Osmanlı mirasından TVF’ye

Ülkenin, -kimilerinin- torunu olmakla övündüğü Osmanlı’dan miras en köklü bankası Ziraat artık Türkiye Varlık Fonu’nun (TVF) malı. 154 yıl önce “Ezilen çiftçilerin dertlerine çare...

Ülkenin, -kimilerinin- torunu olmakla övündüğü Osmanlı’dan miras en köklü bankası Ziraat artık Türkiye Varlık Fonu’nun (TVF) malı.

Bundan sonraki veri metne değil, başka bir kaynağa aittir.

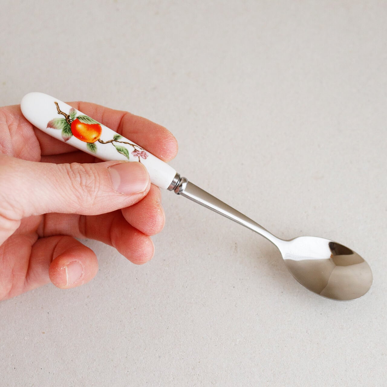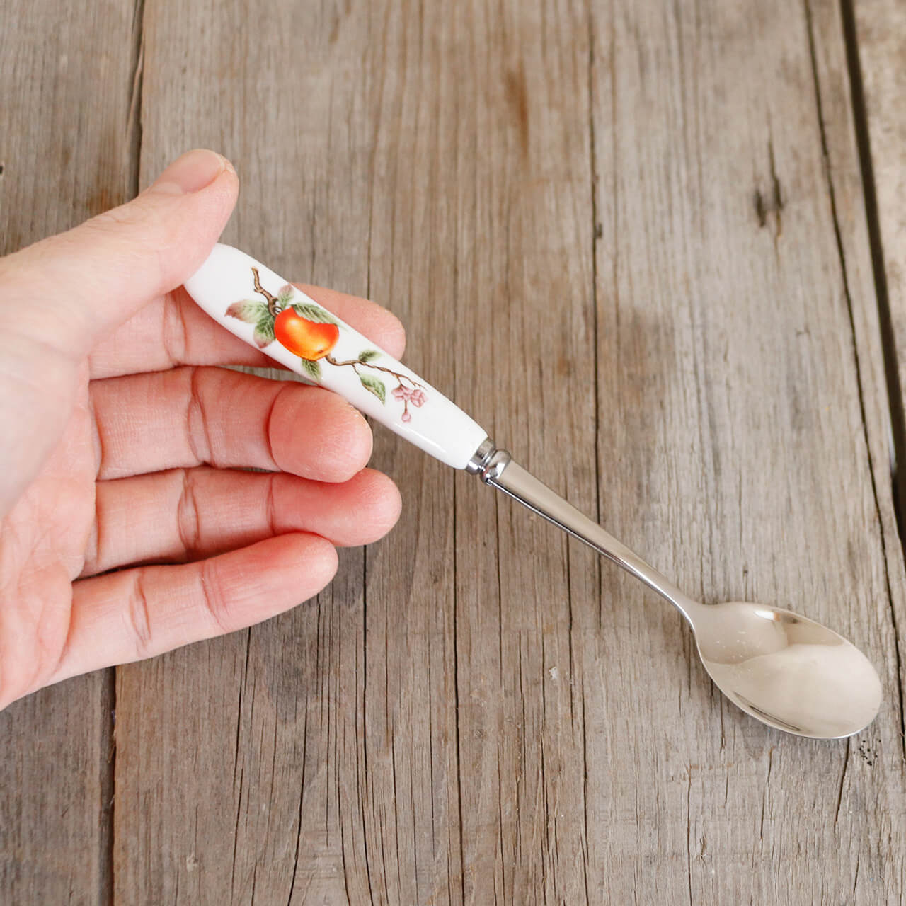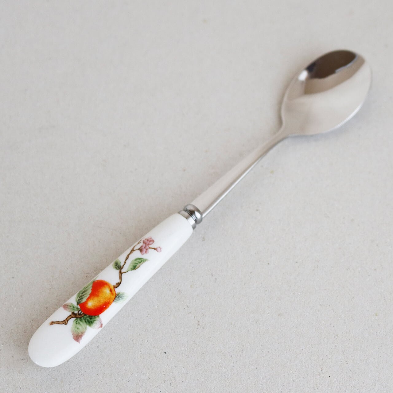 レトロなお花柄がかわいい陶器製の持ち手のスプーンです。
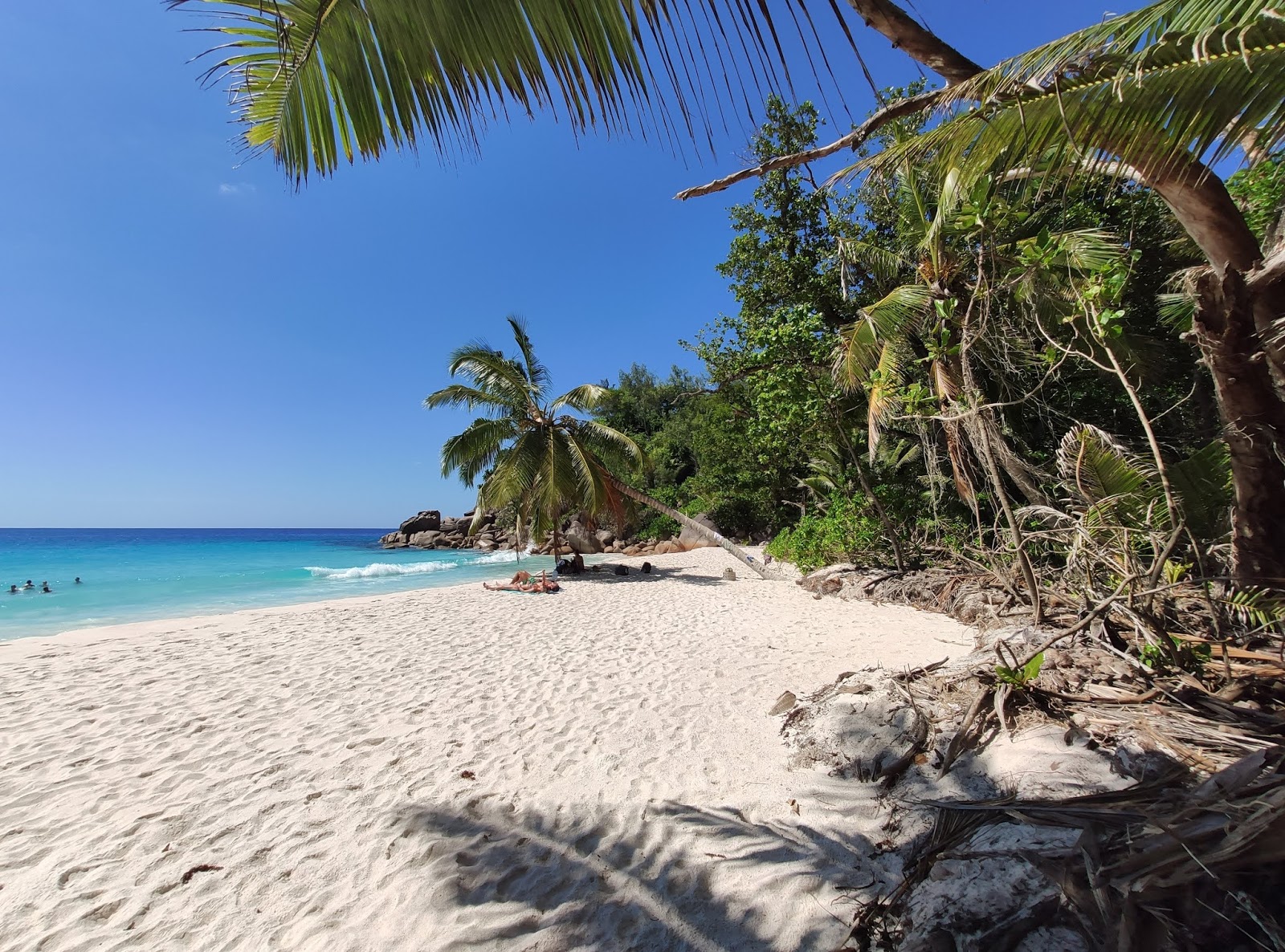Then, as the trees open, you see it, a flash of impossible turquoise through the branches. Anse Georgette. Below, the beach unfurls in a perfect crescent of white sand framed by granite boulders that have stood for centuries. From up here, the world feels paused, waves folding in slow motion, light dancing over the water like liquid glass.
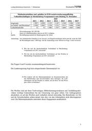 Landtag Mecklenburg-Vorpommern - 7. Wahlperiode Drucksache 7/2705 Medianbruttolöhne und -gehälter in EUR sozialversicherungspflichtig Vollzeitbeschäftigter in Mecklenburg-Vorpommern zum Stichtag 31. Dezember Jahr 2011 2012 2013 2014 2015 2016 2017 insgesamt 1.997 2.058 2.125 2.187 2.249 2.306 2.391 im Schiff- und Bootsbau* 2.958 2.905 3.238 3.321 3.411 3.498 3.590 Leiharbeitskräfte X X 1.486 1.547 1.604 1.603 1.668 * Wirtschaftsgruppe 301 (WZ 08) X Daten zu Leiharbeitskräften sind erst ab 2013 verfügbar. Quelle: Beschäftigungsstatistik der Bundesagentur für Arbeit Anmerkung: Aus methodischen Gründen ist ein Ausweis von Entgeltverteilungen nicht sinnvoll, wenn die Zahl der Beschäftigten unter 1.000 liegt. Auf die Anmerkung in der Antwort zu Frage 3 wird verwiesen. 8. Wie hat sich die durchschnittliche Verleihdauer in Mecklenburg- Vorpommern seit 2011 entwickelt? 9. Wie hat sich die durchschnittliche Verleihdauer auf den Werften in Mecklenburg-Vorpommern seit 2011 entwickelt? Die Fragen 8 und 9 werden zusammenhängend beantwortet. Der Landesregierung liegt kein entsprechendes Datenmaterial vor. 10. Wie konkret will die Ministerpräsidentin im Zusammenwirken mit den Betriebsräten und Gewerkschaften dazu beitragen, die Leih- arbeitsquote auf den Werften zu senken, um auf diese Art und Weise gute Arbeit zu befördern? Die Werften sind mit ihren Tarifverträgen, Mitbestimmungsstrukturen und Ausbildungsakti- vitäten wichtige Unternehmen bei der Umsetzung von guter Arbeit. Um Auftragsspitzen abzufedern, ist auf den Werften auch Leiharbeit derzeit notwendig. Die Betriebsräte vor Ort und die Gewerkschaften achten darauf, dass dies von den Arbeitgebern nicht überstrapaziert wird. Die Ministerpräsidentin unterstützt dieses Engagement ausdrücklich. 3
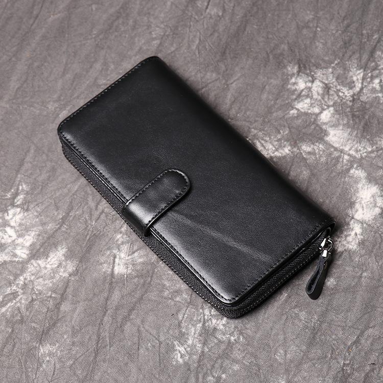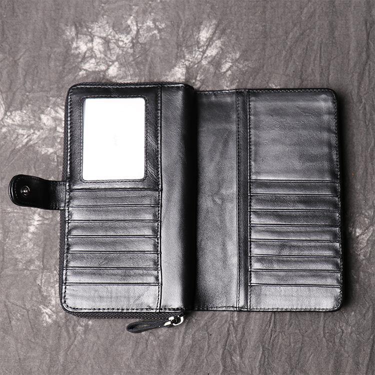 Vintage Mens Zipper Around Leather Long Wallets Bifold Zipper Long Wallets for Men

154 yıl önce “Ezilen çiftçilerin dertlerine çare bulunabilmesi” (kendi sayfasından alıntı) amacıyla kurulan Ziraat, Kerkük-Yumurtalık ham petrol boru hattı sürecinde kurulan BOTAŞ, yılbaşı ikramiyesi tadında ocakta devredilen Milli Piyango, daha niceleri de beş buçuk ay önce kurulan TVF marifetiyle “kâğıt” olacakları günü beklemeye başladı. Kâğıttan kastım “seküritizasyon” dedikleri, menkul kıymet haline getirilmesi.

Düne kadar BDDK ve Sayıştay denetiminde olan Ziraat Bankası, Başbakan’a bağlı çalışan ve bundan böyle -o da muhalefet milletvekillerinin zoruyla- konulmuş “bağımsız denetim”e mi tabi olacak?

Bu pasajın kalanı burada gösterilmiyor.